An archived instance of discourse for discussion in undergraduate Real and Numerical Analysis.

# Quiz problem: A Taylor approximation

mark

Suppose we estimate
$$e^3 \approx \sum_{k=1}^{5} \frac{3^k}{k!}.$$
Give an upper bound for the error in that approximation.

djett

Bound on error:
$$\frac{3^7}{6!} \approx 3.0375$$

mark

@djett Can you show how that arises from the remainder theorem? Regardless, you should certainly include the formula and indicate how it is applied.

Cromer

I'm a bit confused about how we can get that low of an error term.

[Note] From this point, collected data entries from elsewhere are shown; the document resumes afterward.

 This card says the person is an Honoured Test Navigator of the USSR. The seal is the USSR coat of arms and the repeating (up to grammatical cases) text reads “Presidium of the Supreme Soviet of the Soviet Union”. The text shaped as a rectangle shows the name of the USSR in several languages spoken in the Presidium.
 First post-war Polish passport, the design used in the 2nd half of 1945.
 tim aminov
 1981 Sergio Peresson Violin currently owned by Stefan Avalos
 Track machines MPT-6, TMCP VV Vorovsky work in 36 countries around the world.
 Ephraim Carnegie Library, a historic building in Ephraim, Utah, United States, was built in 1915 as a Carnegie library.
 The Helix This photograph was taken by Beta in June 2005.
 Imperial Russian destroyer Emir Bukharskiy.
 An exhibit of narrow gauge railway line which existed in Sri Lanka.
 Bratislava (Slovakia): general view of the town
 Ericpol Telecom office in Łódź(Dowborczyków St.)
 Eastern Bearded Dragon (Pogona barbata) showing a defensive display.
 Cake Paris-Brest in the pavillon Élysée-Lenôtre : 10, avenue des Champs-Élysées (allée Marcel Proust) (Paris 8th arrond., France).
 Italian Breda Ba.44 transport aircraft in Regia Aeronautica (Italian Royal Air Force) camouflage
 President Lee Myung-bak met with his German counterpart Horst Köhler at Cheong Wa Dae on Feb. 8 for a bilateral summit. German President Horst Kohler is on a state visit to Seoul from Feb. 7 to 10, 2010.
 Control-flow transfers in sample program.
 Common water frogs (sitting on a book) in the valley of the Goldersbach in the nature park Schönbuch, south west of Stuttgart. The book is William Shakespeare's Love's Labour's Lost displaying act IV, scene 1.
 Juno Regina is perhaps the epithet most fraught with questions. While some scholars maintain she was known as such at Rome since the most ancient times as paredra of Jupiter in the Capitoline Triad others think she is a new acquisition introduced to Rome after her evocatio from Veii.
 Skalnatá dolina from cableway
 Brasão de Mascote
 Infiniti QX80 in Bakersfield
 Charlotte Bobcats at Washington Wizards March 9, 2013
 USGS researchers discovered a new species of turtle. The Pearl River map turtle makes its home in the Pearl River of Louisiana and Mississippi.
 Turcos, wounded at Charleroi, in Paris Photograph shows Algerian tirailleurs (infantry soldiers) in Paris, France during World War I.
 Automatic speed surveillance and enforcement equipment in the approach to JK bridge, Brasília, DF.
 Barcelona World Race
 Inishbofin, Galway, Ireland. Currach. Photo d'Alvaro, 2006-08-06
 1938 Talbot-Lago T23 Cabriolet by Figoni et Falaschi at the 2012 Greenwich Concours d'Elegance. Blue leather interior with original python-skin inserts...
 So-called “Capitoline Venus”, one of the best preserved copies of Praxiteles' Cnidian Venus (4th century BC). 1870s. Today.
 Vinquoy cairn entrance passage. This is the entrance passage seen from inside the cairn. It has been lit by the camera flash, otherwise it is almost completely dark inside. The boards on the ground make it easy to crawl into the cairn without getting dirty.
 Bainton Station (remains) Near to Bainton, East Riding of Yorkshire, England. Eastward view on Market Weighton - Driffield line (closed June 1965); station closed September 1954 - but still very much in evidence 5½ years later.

Taylor's remainder theorem is

$$\text{error} = \frac{f^{(N+1)}(\xi)}{(N+1)!} x^{N+1}$$

where $N$ is $5$ in our case, and $x=3$. So, we get

$$\text{error} = \frac{e^{\xi}}{6!} 3^6$$

for some $\xi \in (0,3)$. From here, I am thinking $e^{\xi} \in (1,e^3)$, and so the error is bounded by

$$\frac{e^{3}}{6!} 3^6.$$

From here, if $e<3$, then this error is less than $3^9/6!$, which is about 27. This is quite a bit larger than I would have expected, but I am having trouble seeing how to get your answer of about $3$. Can you see where I went wrong?

mark

@Invictus Be sure to include braces {} around your exponents! Also, in my experience, you can reload the page while editing to see how it looks before posting.